Accelerates application deployments by 70%
SUSE Rancher Prime enables effective GitOps workflows by providing centralized visibility and control across all Kubernetes clusters, enhancing the capabilities of tools like Argo CD. This seamless integration significantly improves the efficiency of application deployment.
“We rely on SUSE Rancher Prime to ensure our clusters are always properly configured and available, which enables our GitOps tool, Argo CD, to efficiently manage the deployment lifecycle,” says Dino.
“Today, we’re using this integrated approach to support around 800 applications. By leveraging SUSE Rancher Prime's centralized management and Argo CD’s automation capabilities, our teams no longer need to manually spin up services, which speeds up application deployments by around 70%.”

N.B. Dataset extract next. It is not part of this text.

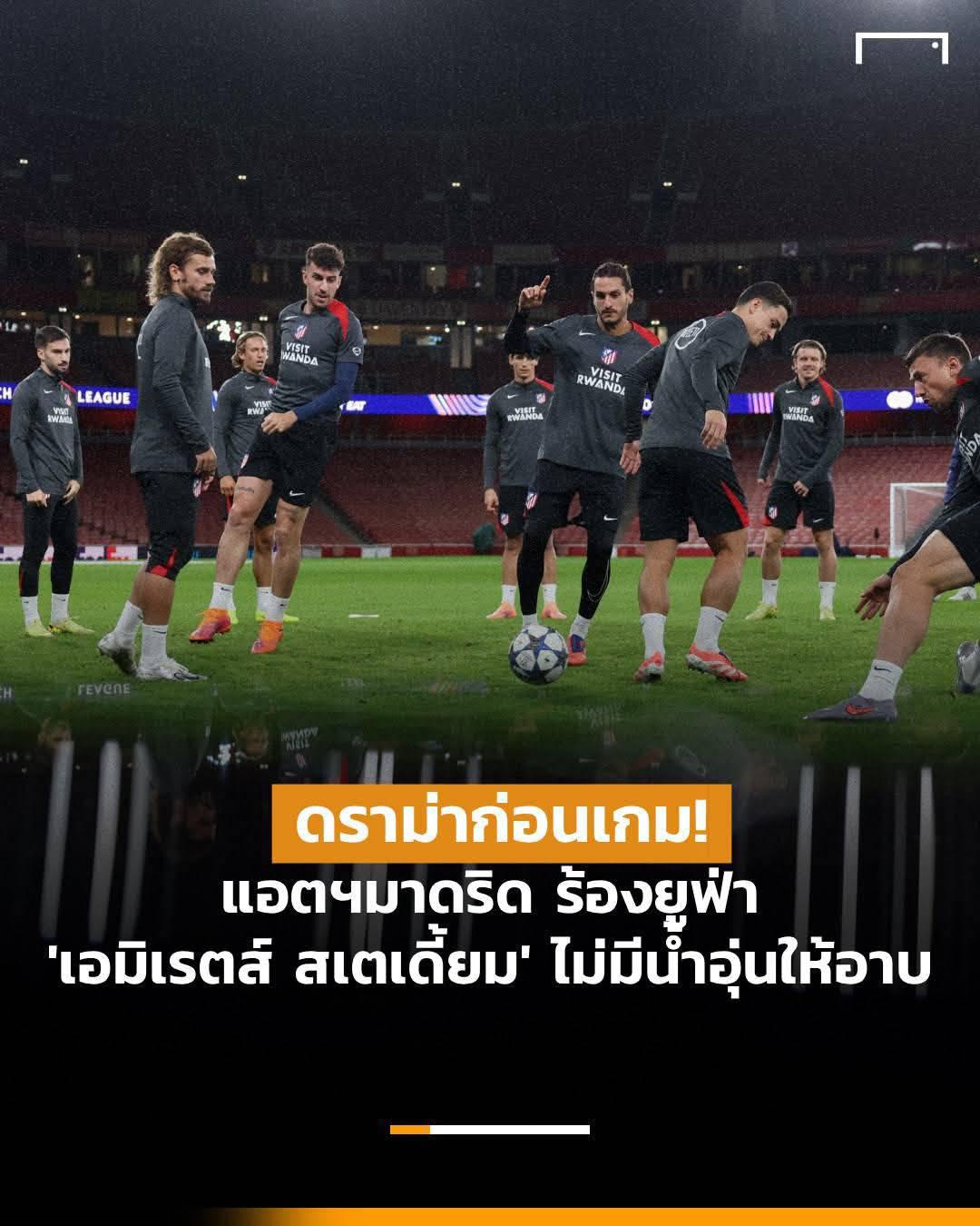 ดราม่าก่อนเกม! แอตฯมาดริด ร้องยูฟ่า 'เอมิเรตส์ สเตเดี้ยม' ไม่มีน้ำอุ่นให้อาบ

Provides round-the-clock support
Initially, CSCS operated Rancher without official support, but after securing a support contract with SUSE Rancher Prime, it noticed a significant difference.
“After we got our SUSE Rancher Prime support contract, we saw a significant improvement in our operations because we learned something new every day,” says Dino. “Staying strictly within the SUSE support matrix has been crucial for smooth operations. Whenever we experience an issue, we know that support teams from SUSE are on hand to help us 24/7.”
The impact of SUSE Virtualization
Delivers high reliability and availability
With an infrastructure-as-code approach underpinned by SUSE Rancher Prime and SUSE Virtualization, CSCS can maintain high levels of reliability and availability for vital HPC resources.
“In all the years we’ve been using SUSE solutions, we’ve never experienced significant downtime,” comments Dino. “Because we have adopted a GitOps methodology, we could redeploy our entire infrastructure in less than a day if we needed to. SUSE helps us ensure that our researchers can always access the cluster to do their work.”
What's next for CSCS?
CSCS plans to build on its collaboration with SUSE to find new opportunities for automation and standardization, delivering greater autonomy and efficiency for users while maintaining strong governance and security controls.
Dino concludes, “When our users are happy, we’re happy, and we look forward to continuing to work with SUSE to help us find even more effective ways to deliver, manage and upgrade our virtualized and containerized infrastructure for cutting-edge research.”